“Don’t be overheard complaining…Not even to yourself.”
Marcus Aurelius
Bealach Horn
Racing is lonely.
You are out there, for a long time, with only you.
The end of the first day, and the start of the second, were not good. My body was not playing the game I was asking of it. My mind was following the lead.
Alone.
The low places in the mental battles are not easy to recover from. Without some strong will, deliberate intervention, or an external stimulus, they can spiral downwards for a long time.
I trudged my way towards Bealach Horn.
So grateful to be away from the tarmac, but dragging my feet up the trails. The last 24 hours had not been what I wanted. I felt awful and I couldn’t drag myself out of it.

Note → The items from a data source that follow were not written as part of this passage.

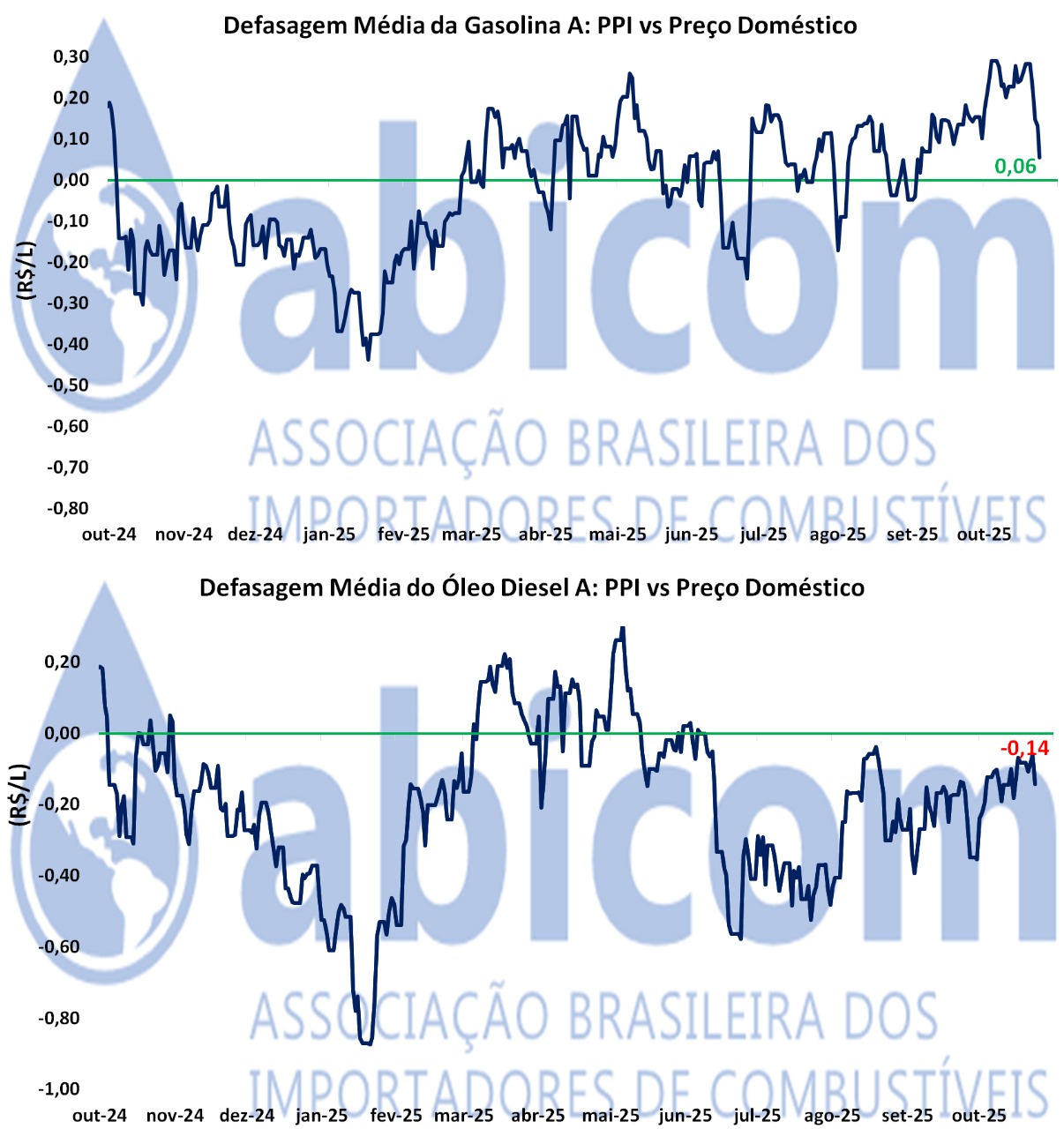 Cenário: com a estabilidade no câmbio e a ligeira valorização nos preços de referência do óleo diesel e da gasolina no mercado internacional no fechamento do dia útil anterior. Considerando a redução linear de 0,14 R$/L no preço da gasolina praticado pela Petrobras a partido do dia 21/10/2025, o cenário médio de preços está acima da paridade para a gasolina e abaixo dela para o óleo diesel. Defasagem média de -4% no Óleo Diesel e de 2% para a Gasolina.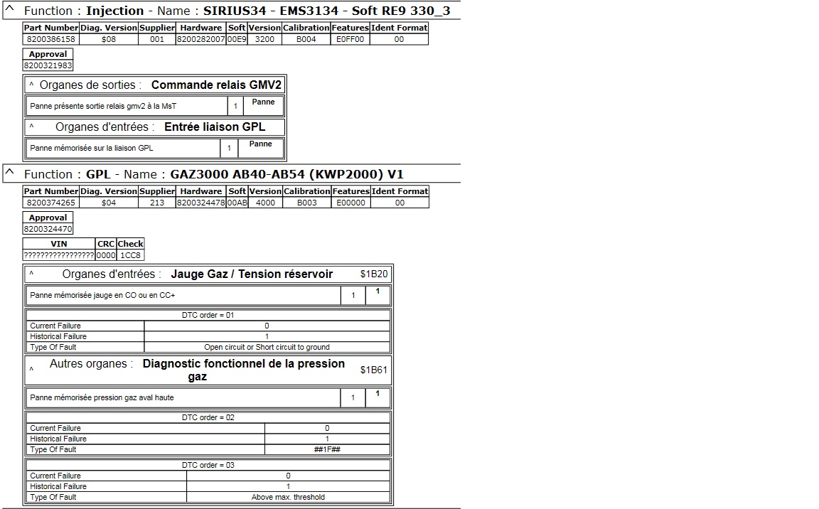 Aujourd'hui impossible de me connecter avec DDT sur le calculateur GPL, le calculateur classique est détecté sans problème. Si je débranche le calculateur GPL j'obtiens le même résultat. Dimanche j'avais aussi eu ce problème mais très rapidement ddt avait trouvé le calculateur. Et si la panne venait du calculateur? Calculateur HS, problème d'alimentation, humidité... j'ai démonté la connectique, la batterie, rien, que dalle... Le calculateur semble fonctionné par intermittence lorsque le moteur est chaud. Le calculateur est un GAZ 3000 de chez Renault. Il faudrait essayer avec un autre calculateur, la panne ne doit pas être courante. Une idée? pops 91 as tu des problèmes pour trouver le calculateur GPL avec DDT?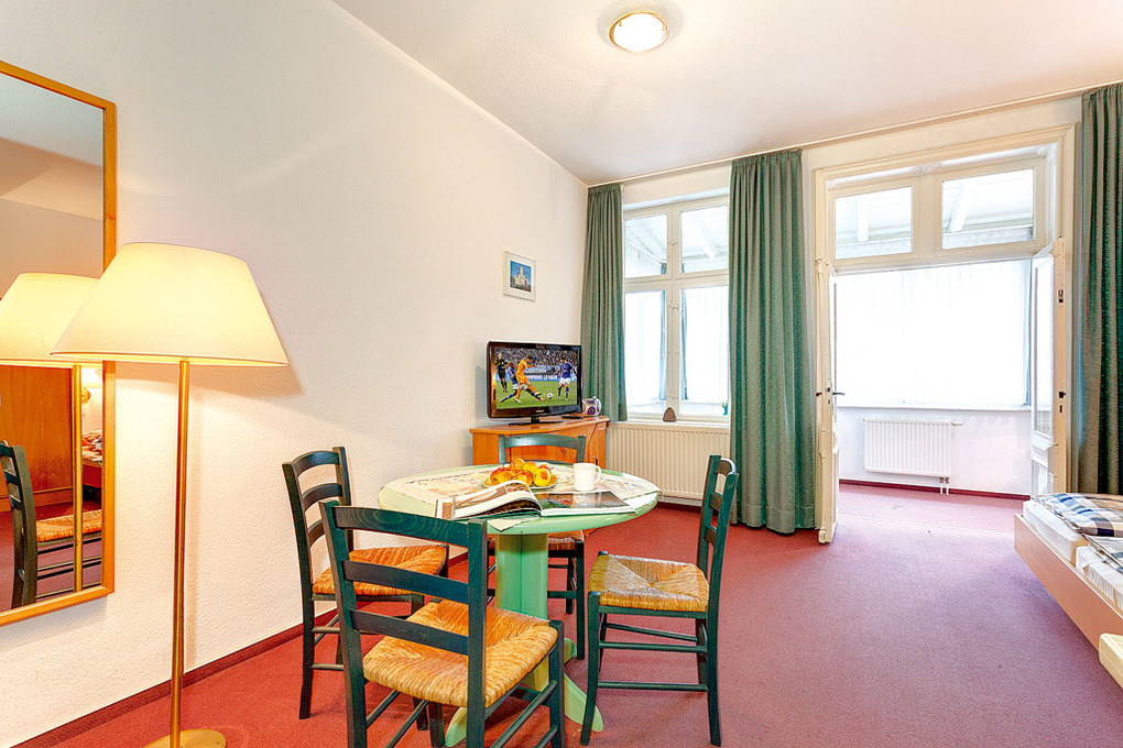 D 91.21A Wohnung 2-4 Pers.: 2-Zimmerwohnung, 40 qm Wohnfläche, 2. Etage. Wohn-/Essraum mit Doppelbett, Esstisch, Küchenzeile. Separater, schöner, heller Wintergarten mit Ausziehcouch (2 Pers.), Sitzecke. Bad/WC.

Up ahead, pushing their bikes, I saw people. The mental shift was instantaneous.
I wasn’t alone out here.
Bealach Horn is big, wild, and remote. The hills around you are from another world. From a time before time. It feels like the lands of giants.
Like ants passing through, seeking our exit. We are united as one, a single entity – Human.

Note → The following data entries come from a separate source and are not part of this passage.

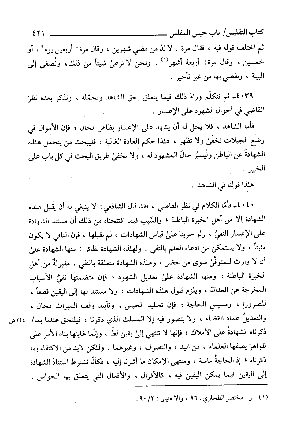 4039 - ثم نتكلّم وراءَ ذلك فيما يتعلق بحق الشاهد وتحمّله، ونذكر بعده نظرَ القاضي في أحوال الشهود على الإعسار.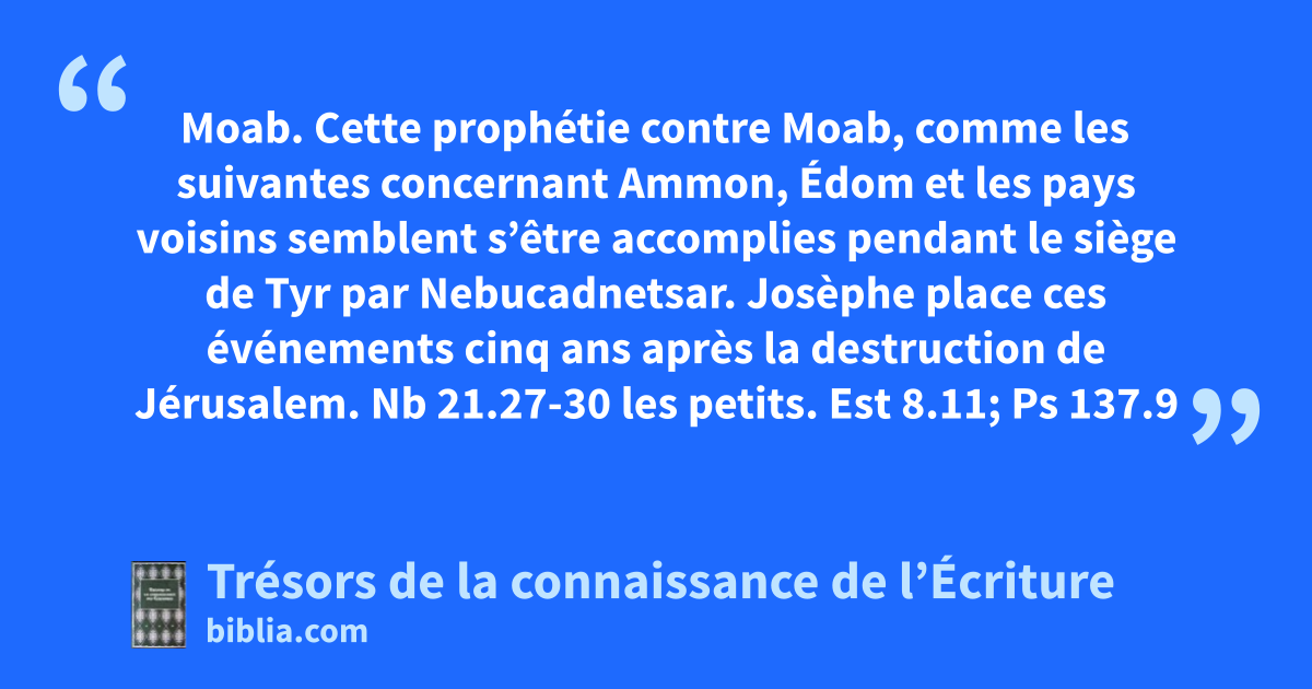 Moab. Cette prophétie contre Moab, comme les suivantes concernant Ammon, Édom et les pays voisins semblent s’être accomplies pendant le siège de Tyr par Nebucadnetsar. Josèphe place ces événements cinq ans après la destruction de Jérusalem. Nb 21.27-30 les petits. Est 8.11; Ps 137.9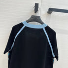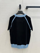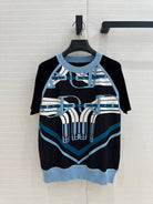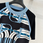 Hm 25 Print Patchwork Knit Top Black Blue Tencel Wool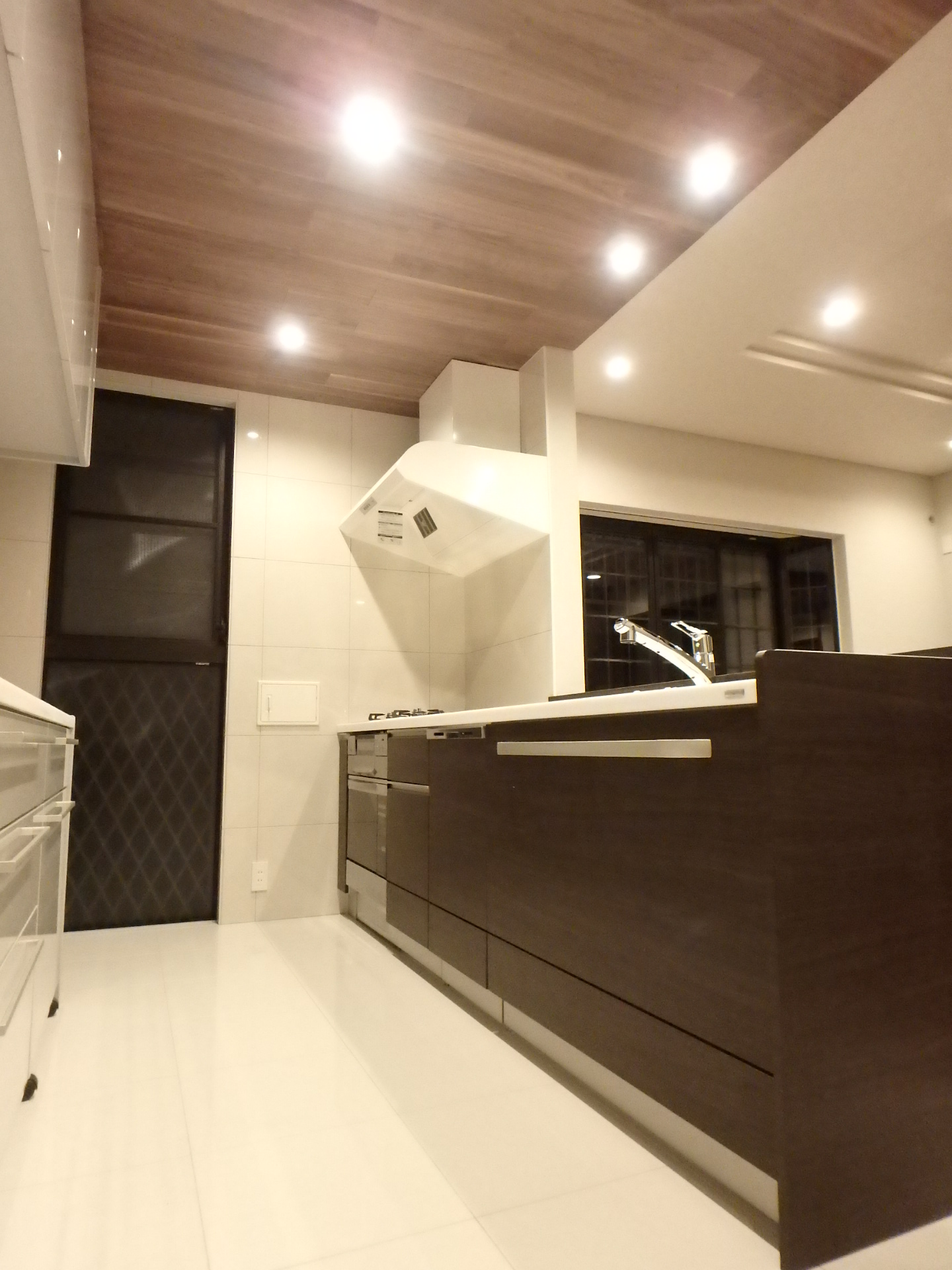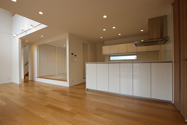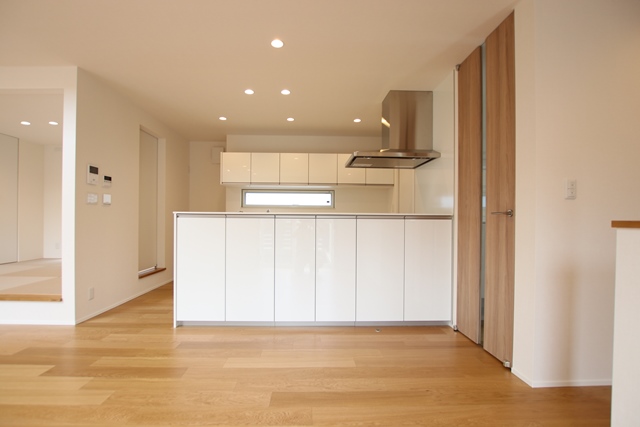 落ち着いた[オーク]の銘木フローリングに、ホワイトの鏡面が美しいシステムキッチン!!

With my spirits buoyed I rise up the trails to meet them. I don’t yet know who, but the kinship is pre-defined. We have made the same choices.

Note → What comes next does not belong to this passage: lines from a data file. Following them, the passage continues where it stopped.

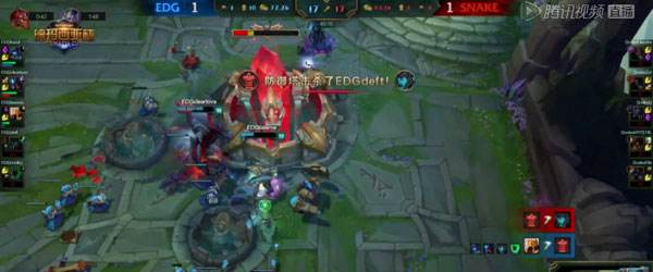 开局EDG果断选择了换线,而Snake则仍旧采用速推的战术,在3分半钟左右就拿掉EDG的下路一塔。而推掉下塔后,Snake顺势拿掉小龙。换回线后的Snake又进行速推,早早拿掉EDG上路一塔,并且Snake的中单U在双方均有闪现且没使用的情况下单杀对面。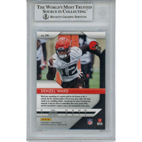 The number in the listing title is just an inventory sku for our records and is not the authentication number. The item pictured is a stock photo. There are multiple quanities of this item. Each of these items is unique because they are individually hand-signed. While the photographs accurately represent the item itself, please note that the signature's size, exact placement, and strength may differ on the one you receive. This is a Cleveland Browns 2018 Prizm Slabbed Trading Card that was personally autographed by Denzel Ward. Includes a certificate of authenticity / hologram from Beckett Authentication Services (BAS) and Denver Autographs. FREE SHIPPING within the USA on orders over $10!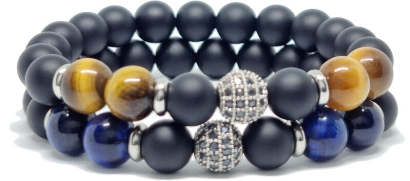 Kiváló minőségű valódi ónix matt ásványból készült páros ásvány karkötő. Az ónix karkötő mély fekete árnyalatával és erőteljes megjelenésével stílusos kiegészítő, amely magabiztosságot és stabilitá st sugall viselőjének. A karkötő valódi ónix matt, tigrisszem, kék tigrisszem 8-9 mm ásványból és nemesacél köztes és cirkón gömb dísszel készült. Az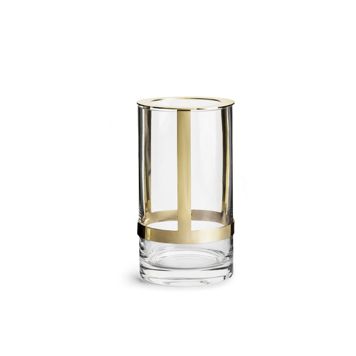 Pascal Charmolun muotoilema uniikki suupuhallettu lasimaljakko, jonka korkeutta voidaan säädellä kullanväristä metallipidikettä siirtämällä. Maljakko antaa siten hyvän tuen myös korkeille leikkokukille.Väri: läpinäkyvä/kultaMateriaali: metallia/suupuhallettua lasiaKoko: H 150 mm, paino 1,143 kg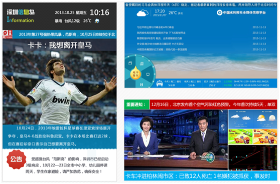 为能够确保在前端对这些显示终端进行统一发布管理,在后端对各类信息进行规范化处理,政府机构需要搭建一套稳定可靠的智能信息发布系统,并结合政府机构的政务系统,提供灵活高效的政府信息门户服务和信息交流平台,打造社会媒体信息传播的制高点。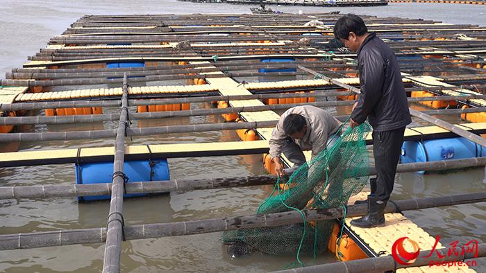 在福州日兴水产食品公司养殖场,养殖人员在查看鲍鱼生长情况。人民网记者 兰志飞摄
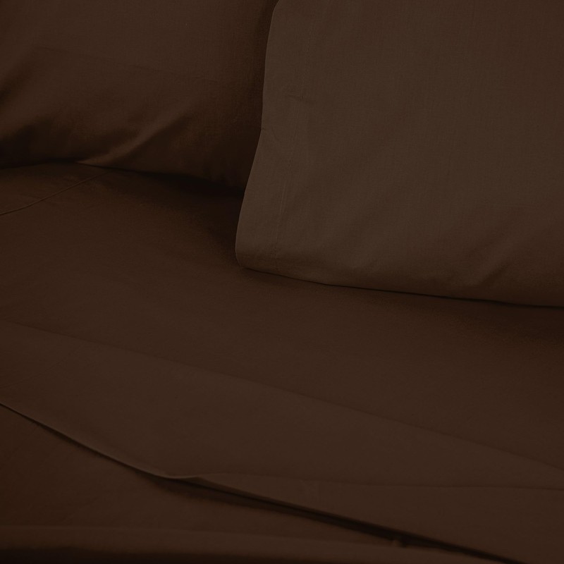 Premium Ranforce Double Fitted Sheet (140 x 190 + 30 cm) | 100% Cotton, 155 Thread Count, Dark Brown | Machine Washable at 30°C, Soft & Durable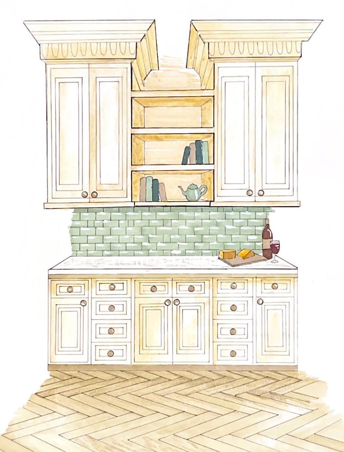 The bedrooms and private spaces of Mr. and Mrs. Pierre’s flat are complete, but the three main living spaces require revamping. Reflect the historic architectural features from Haussman-Era Parisian apartments in your design through mixed media hand-rendering

Steph and Cirdan. They are not racers, but they know of the race. In many ways, they were expecting my arrival.
We don’t stop to talk, we keep moving, riding a bit, walking a bit. Broken conversation, misheard words. I’ve never felt so welcomed to such an unconventional social occasion. I talk, they listen. They talk, I listen.
They were riding the route as a holiday. And they were smashing it. They were fast, and they were capable. The company was so welcome. Their story was so exciting. And their riding was so impressive. The Bealach Horn did not bother them, they took it in their stride.
What a holiday.
The thoughts that had been rattling around my brain for long, lonely hours were upended, spilt out in a flurry of words.
I was complaining, I was theorising, I was distilling.
I relaxed, I felt better, I came back up from the void. My mindset was completely changed.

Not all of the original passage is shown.